# Is free e-file extension possible today?



## smeelah (Feb 7, 2018)

I've been going around in circles trying to find a free option to e-file for 4868 from a non-US address in 2019. I've followed many links, started several sign ups but so far no go. I am told it is possible but I'm not sure if I believe it any more. Last year turbo free tax seemed to do it but no longer. 

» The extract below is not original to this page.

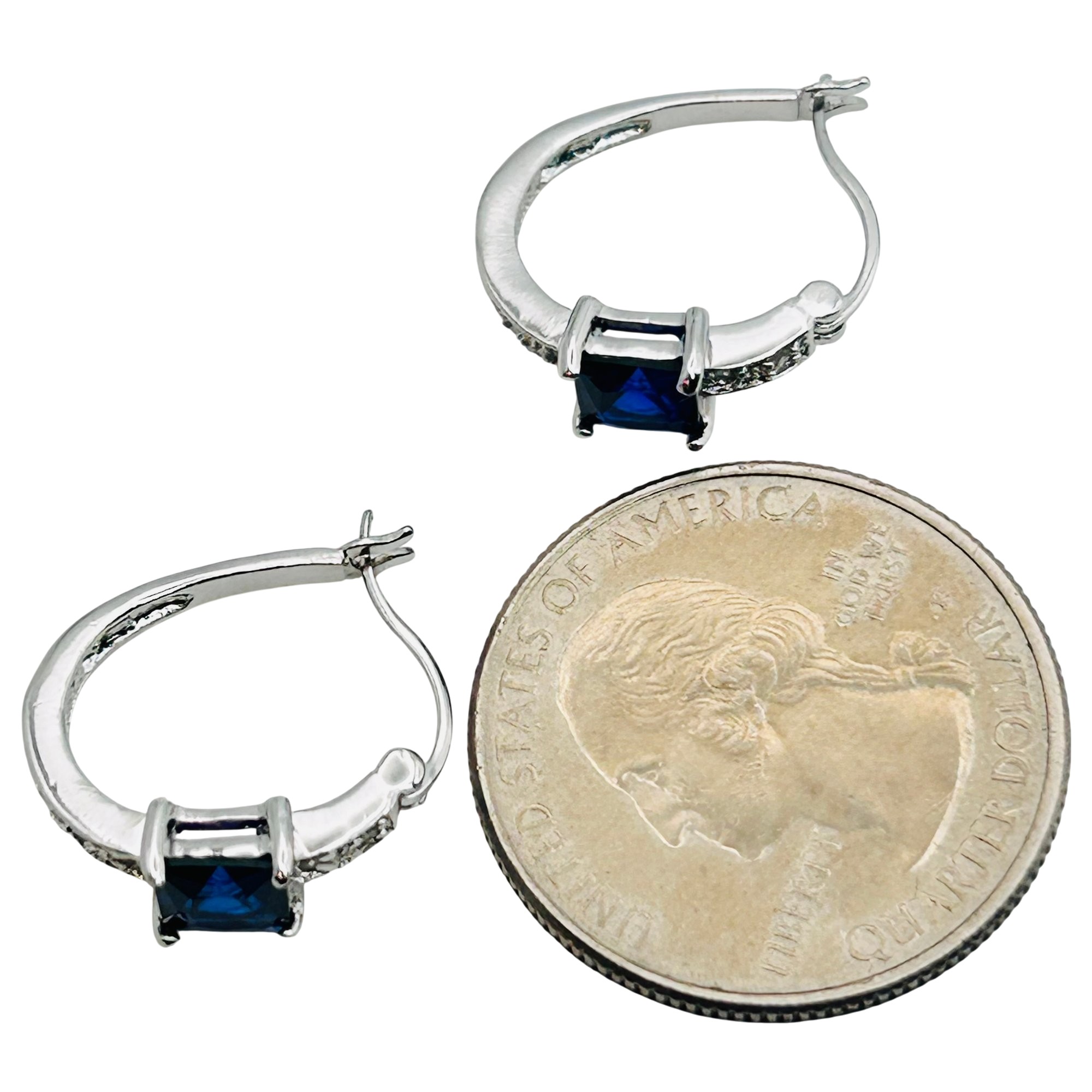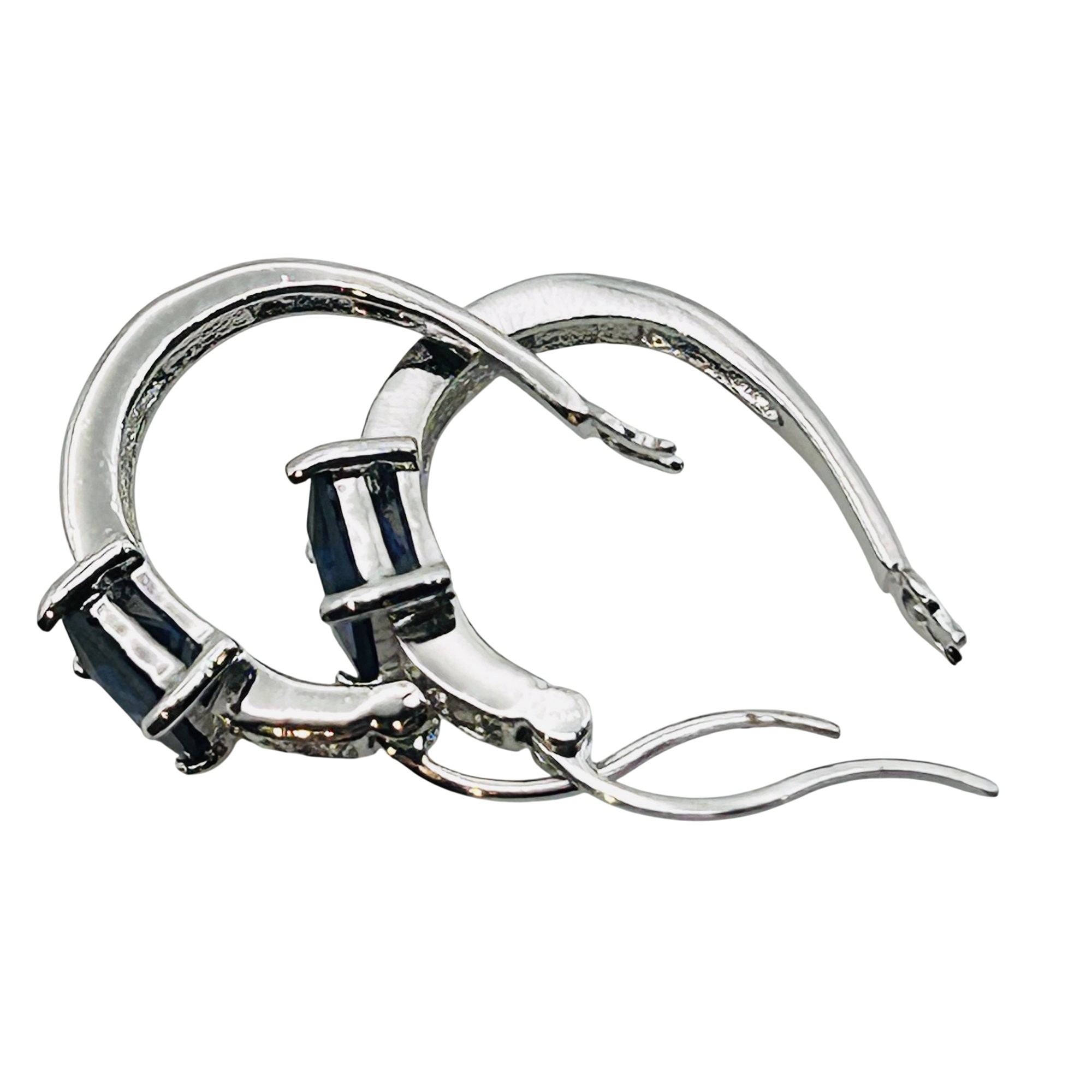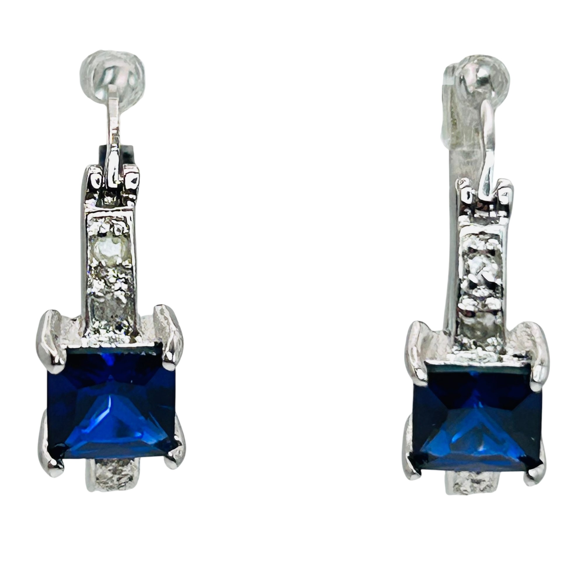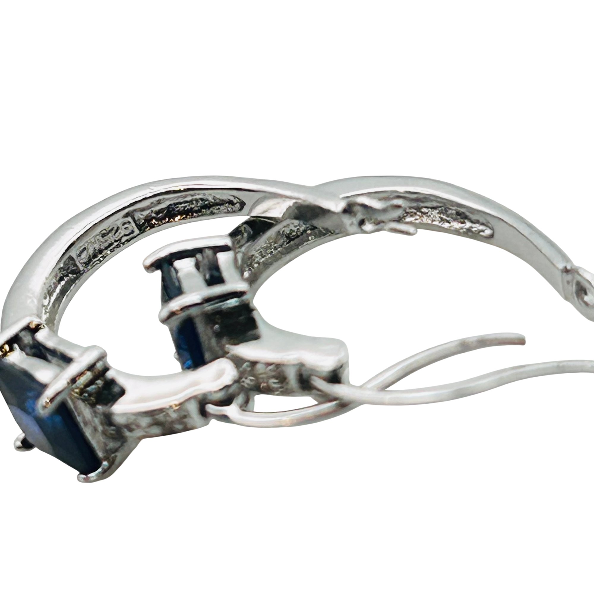 Sterling Sapphire and diamond accent hinged earrings 2.6g

I found a $50 option but I'm not sure if it is worth it since I have yet to file 2017. I'm a low income self employed dual citizen in Canada. I did the streamlined program for 2014-2016 early last year and later received a request for proof of change of name by mail, which I mailed back. By the time I realized that I was not going to hear anything back or have any further info about my returns, I had missed last year's extension. Having just gotten my Canada Taxes done, I am scrambling to find an extension option by tonight.

Normally, I shouldn't owe anything but I'm not sure if that is true as I am late on 2017 and may be on 2018. 

I'd appreciate any help,
thanks,
SM


----------



## smeelah (Feb 7, 2018)

I just spent awhile setting up my free tax slayer account as they claimed to offer free extension filing for expats but just as I was about finished, I am told that I am not eligible because I am over 50. This is craziness.


----------



## Bevdeforges (Nov 16, 2007)

If you don't owe anything, the "late filing" penalty is $0 (i.e. whatever % of the $0 tax due). It's a toss up whether you should file an extension for 2018 - but the easiest way to do that could me to just download the form https://www.irs.gov/pub/irs-pdf/f4868.pdf , fill it in, and mail it ASAP. 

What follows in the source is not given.